TASK GOAL:
Give back the data exactly, with no images.

DATASET ENTRIES:
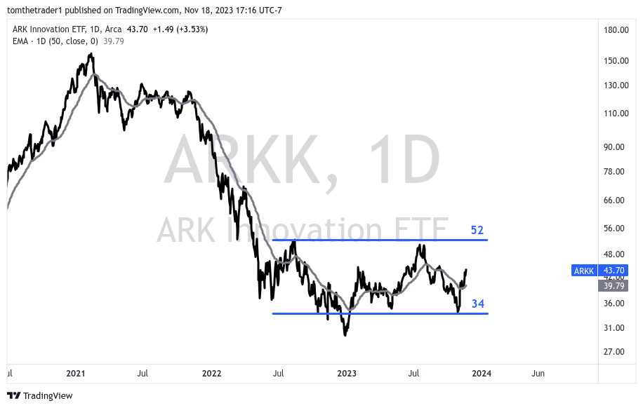 I am speculating outperformance from the '2020 era high-growth names.' Many of these companies that are left have spent the last year and a half consolidating from severe declines. This category is well represented by Cathie Wood’s ARK Innovation ETF (ARKK). ARKK has progressed through a period of wide consolidation with substantial range (34 to 52) for a period of a year and a half.
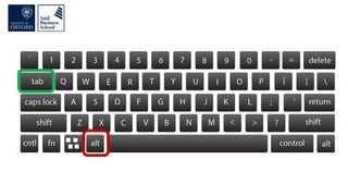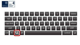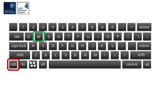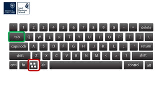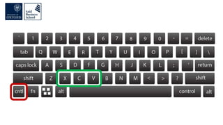 The document discusses improving computer productivity through better use of keyboard shortcuts, file organization, screen organization, and productivity utilities. It provides tips for using keyboard shortcuts over the mouse, organizing files in a logical tree structure with descriptive names and file extensions, displaying windows and resizing screens to maximize viewing areas and minimize distractions. It also recommends various productivity utilities for tasks like clipboard management, password management, file searching, backups, and automation to help synchronize and streamline computer use.
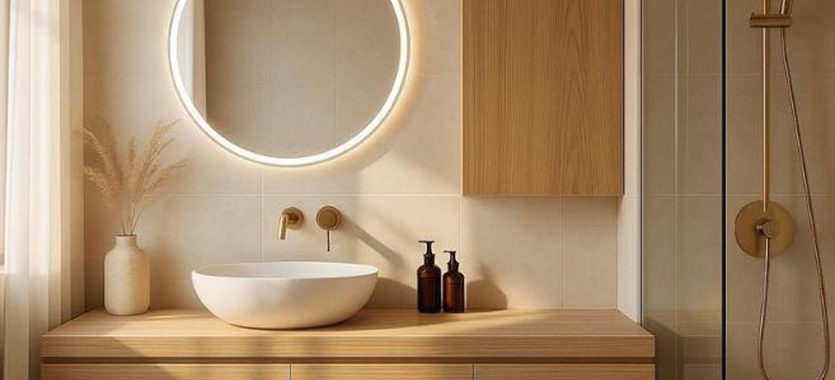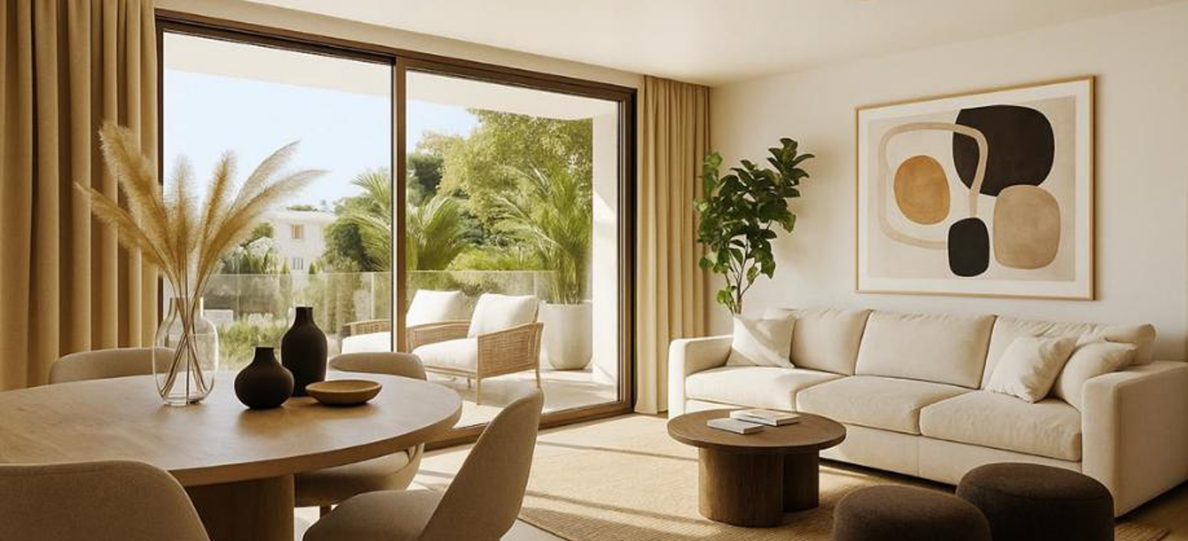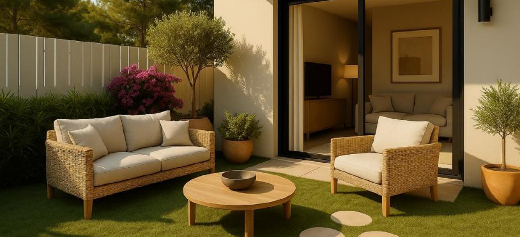 A refined composition of natural textures, soft organic forms, and understated minimalism, set within a landscape of lush greenery.
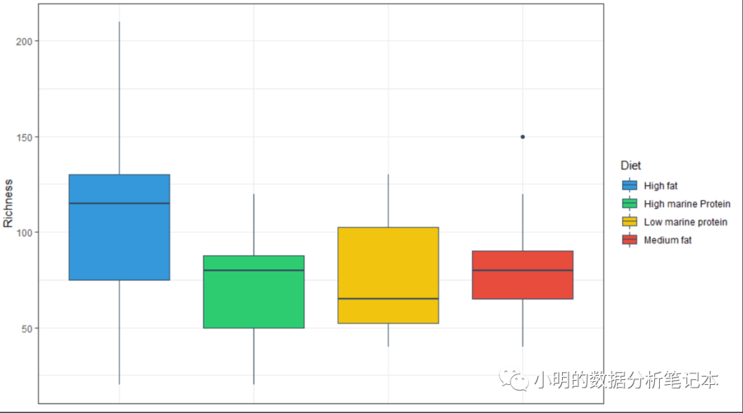 p1<-ggplot(bp, aes(x=Diet, y=Richness, fill=Diet)) + geom_boxplot()+theme(axis.title.x=element_blank())
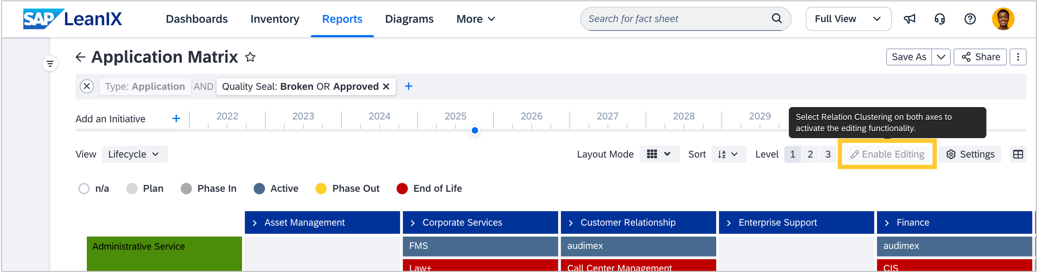 Instead of disappearing, the "Enable Editing" button on matrix reports is now disabled, and a tooltip appears when hovering the button, informing that this option is only available when both axes are fact sheet types, not fields or tags. This is because adding or removing a fact sheet represents editing the relation between two fact sheets that must be present on the axis. Fields and tags remain editable in the report's side panel.
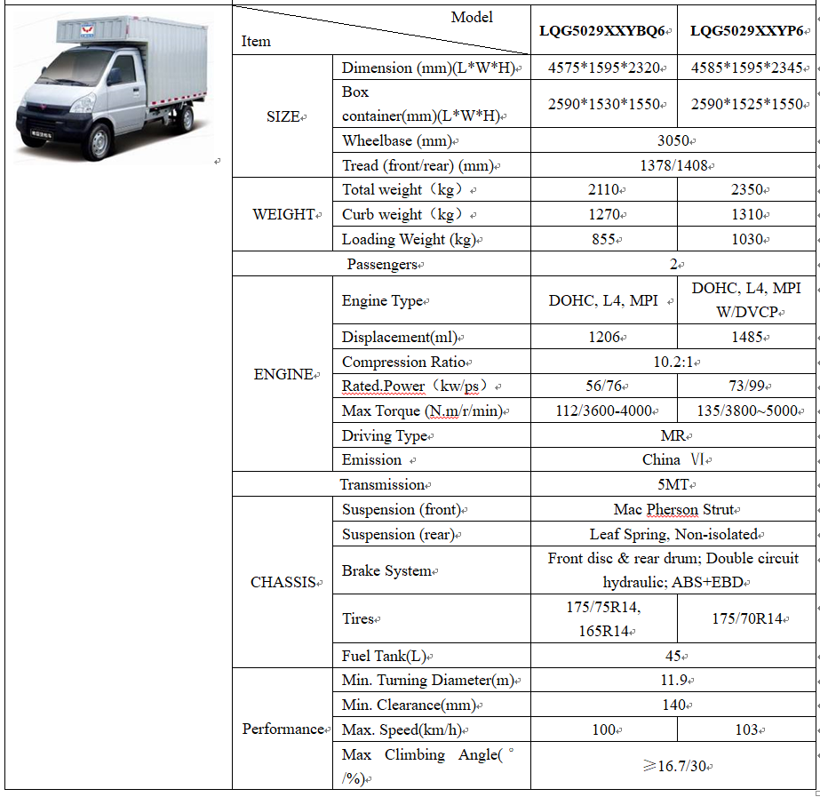 WULING G120 VAN, Sale Price: CNY 83600 ( with 13% VAT )

REPLY:
 I am speculating outperformance from the '2020 era high-growth names.' Many of these companies that are left have spent the last year and a half consolidating from severe declines. This category is well represented by Cathie Wood’s ARK Innovation ETF (ARKK). ARKK has progressed through a period of wide consolidation with substantial range (34 to 52) for a period of a year and a half.
 The document discusses improving computer productivity through better use of keyboard shortcuts, file organization, screen organization, and productivity utilities. It provides tips for using keyboard shortcuts over the mouse, organizing files in a logical tree structure with descriptive names and file extensions, displaying windows and resizing screens to maximize viewing areas and minimize distractions. It also recommends various productivity utilities for tasks like clipboard management, password management, file searching, backups, and automation to help synchronize and streamline computer use.
 A refined composition of natural textures, soft organic forms, and understated minimalism, set within a landscape of lush greenery.
 p1<-ggplot(bp, aes(x=Diet, y=Richness, fill=Diet)) + geom_boxplot()+theme(axis.title.x=element_blank())
 Instead of disappearing, the "Enable Editing" button on matrix reports is now disabled, and a tooltip appears when hovering the button, informing that this option is only available when both axes are fact sheet types, not fields or tags. This is because adding or removing a fact sheet represents editing the relation between two fact sheets that must be present on the axis. Fields and tags remain editable in the report's side panel.
 WULING G120 VAN, Sale Price: CNY 83600 ( with 13% VAT )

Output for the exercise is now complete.